Shares of the fast food giant have underperformed the broader market over the past 52 weeks. MCD has risen 8.2% over this time frame, while the broader S&P 500 Index ($SPX) has gained 30.4%. In 2024, shares of MCD are down 1.3%, compared to SPX’s 23.1% increase on a YTD basis.
Narrowing the focus, MCD has also lagged behind the Consumer Discretionary Select Sector SPDR Fund’s (XLY) 27.2% rise over the past 52 weeks and 19.4% return on a YTD basis.
Despite reporting better-than-expected Q3 adjusted EPS of $3.23 and revenue of $6.9 billion, shares of McDonald’s fell marginally on Oct. 29 due to weaker-than-expected global comparable sales, with a 1.5% overall decline, including a 2.1% drop in the International Operated Markets (IOM) segment. Analysts were concerned that the U.S. performance, though positive, was driven by average check growth rather than increased traffic, indicating less robust demand. Additionally, soft international performance, particularly in the Middle East and China, raised doubts about the company's ability to improve trends in key global markets.

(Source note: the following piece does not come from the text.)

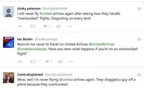 美联航的回应使得公众更加不满,在社交媒体上,大量网友表达了以后拒绝乘坐美联航的态度。

For the current fiscal year, ending in December, analysts expect MCD’s EPS to decline 1.4% year-over-year to $11.77. The company’s earnings surprise history is mixed. It beat the consensus estimates in two of the last four quarters while missing on two other occasions.
Among the 34 analysts covering the stock, the consensus rating is a “Moderate Buy.” That’s based on 18 “Strong Buy” ratings, two “Moderate Buy,” and 14 “Holds.”
This configuration is slightly less bullish than three months ago, with 19 “Strong Buy” ratings on the stock.
On Oct. 31, Bank of America raised McDonald’s price target to $324 and maintained a “Neutral” rating. Despite the increase in the price target, the firm lowered its Q4 and FY25 EPS estimates, citing limited opportunities for positive revisions due to sluggish topline growth in the franchise model.
The mean price target of $323.55 represents a premium of 10.6% to MCD’s current levels. The Street-high price target of $360, implies a potential upside of 23% from the current price.